Items listed in a dataset
::::::::

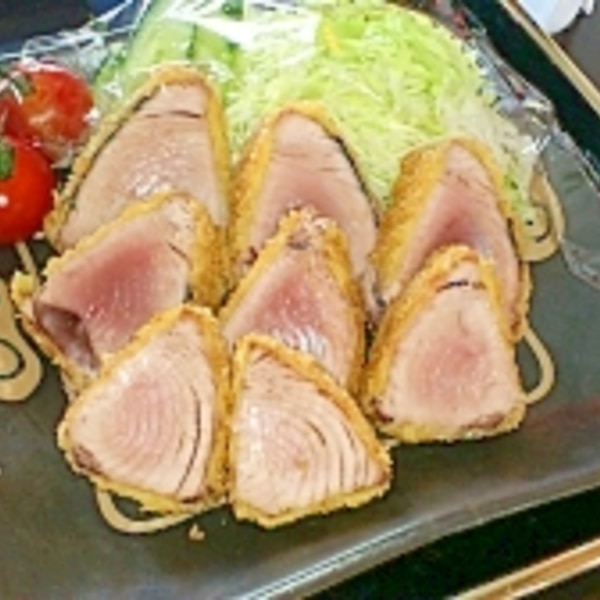 カツオ 旬 揚げ物生カツ 旬❗️戻りカツオ『生カツ』サラダの作り方サックリ衣と中のレア感がたまらなく美味しいですよ。
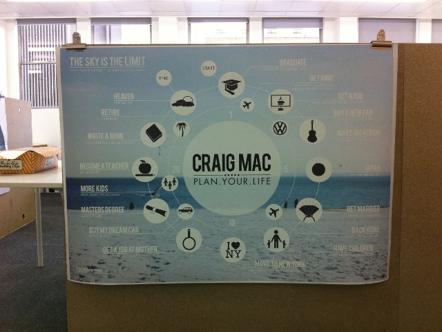 Il a disposé, autour d’un cercle, tant ses projets professionnels (“get a job”, “become a teacher”, “retire”) que sentimentaux (“get married”, “have children”) ou de loisirs (“Japan, life time dream trip”), avec des précisions parfois étranges (“more children, with american accent”). Craig McAnuff précise qu’il s’agit surtout d’un projet étudiant et que, en tant que croyant, “this is just a visual of how I want parts of plan of my life to map out, but it’s all in God’s hands” (“c’est juste une image représentant la manière dont je voudrais que les différents aspects de ma vie se déroulent, mais tout ça est entre les mains de Dieu“). On est rassurés.
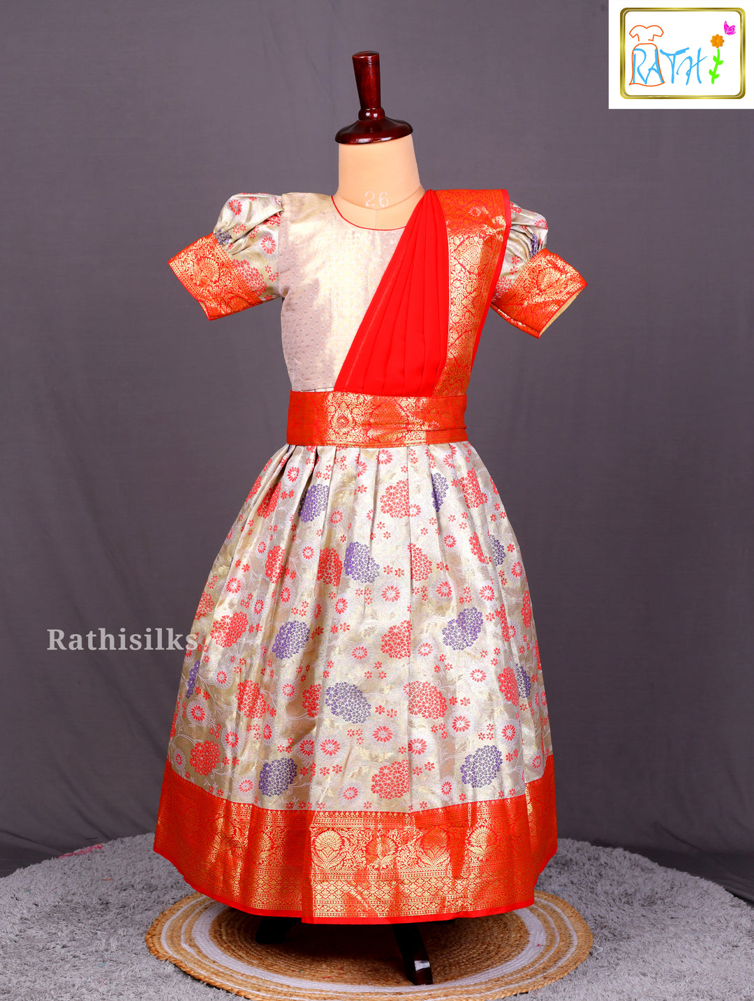 Violet & Orange Art Silk Brocade Stitched Saree Dress
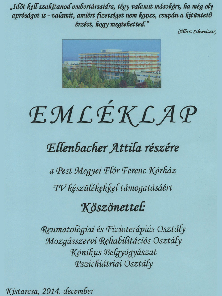 Kistarcsa, Flór Ferenc Kórház köszönőlevél
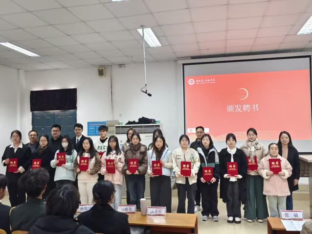 会上,全体成员一同回顾了大学生事务服务中心一年的工作。现场各部门指导老师为大学生事务服务中心第二届学生干部颁发聘书。
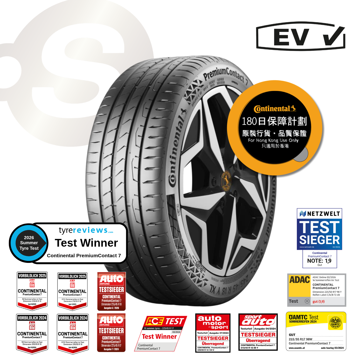 德國馬牌 (Continental) PremiumContact™ 7 (PC7) 是一款 UHP 高性能輪胎。在定位上要為乘客和駕駛者提供卓越的舒適度、可靠的安全性和獨立於車輛配置的提升里數表現。PC7 的全新的RedChili紅辣椒科技輪胎配方,可以令輪胎盡快進入工作溫度,時刻保障駕駛安全。PC7 的自適應配方就著大量車重和負載數據,確保不同尺寸規格的輪胎擁有一致的性能。而相比前代PC6,嶄新的PC7在磨耗里程、濕地操控與濕地煞停分別有著10%、5%與7%的顯著提升。

::::::::

Output the records above exactly; leave out the pictures.

**EXERCISE OUTPUT:**
 カツオ 旬 揚げ物生カツ 旬❗️戻りカツオ『生カツ』サラダの作り方サックリ衣と中のレア感がたまらなく美味しいですよ。
 Il a disposé, autour d’un cercle, tant ses projets professionnels (“get a job”, “become a teacher”, “retire”) que sentimentaux (“get married”, “have children”) ou de loisirs (“Japan, life time dream trip”), avec des précisions parfois étranges (“more children, with american accent”). Craig McAnuff précise qu’il s’agit surtout d’un projet étudiant et que, en tant que croyant, “this is just a visual of how I want parts of plan of my life to map out, but it’s all in God’s hands” (“c’est juste une image représentant la manière dont je voudrais que les différents aspects de ma vie se déroulent, mais tout ça est entre les mains de Dieu“). On est rassurés.
 Violet & Orange Art Silk Brocade Stitched Saree Dress
 Kistarcsa, Flór Ferenc Kórház köszönőlevél
 会上,全体成员一同回顾了大学生事务服务中心一年的工作。现场各部门指导老师为大学生事务服务中心第二届学生干部颁发聘书。
 德國馬牌 (Continental) PremiumContact™ 7 (PC7) 是一款 UHP 高性能輪胎。在定位上要為乘客和駕駛者提供卓越的舒適度、可靠的安全性和獨立於車輛配置的提升里數表現。PC7 的全新的RedChili紅辣椒科技輪胎配方,可以令輪胎盡快進入工作溫度,時刻保障駕駛安全。PC7 的自適應配方就著大量車重和負載數據,確保不同尺寸規格的輪胎擁有一致的性能。而相比前代PC6,嶄新的PC7在磨耗里程、濕地操控與濕地煞停分別有著10%、5%與7%的顯著提升。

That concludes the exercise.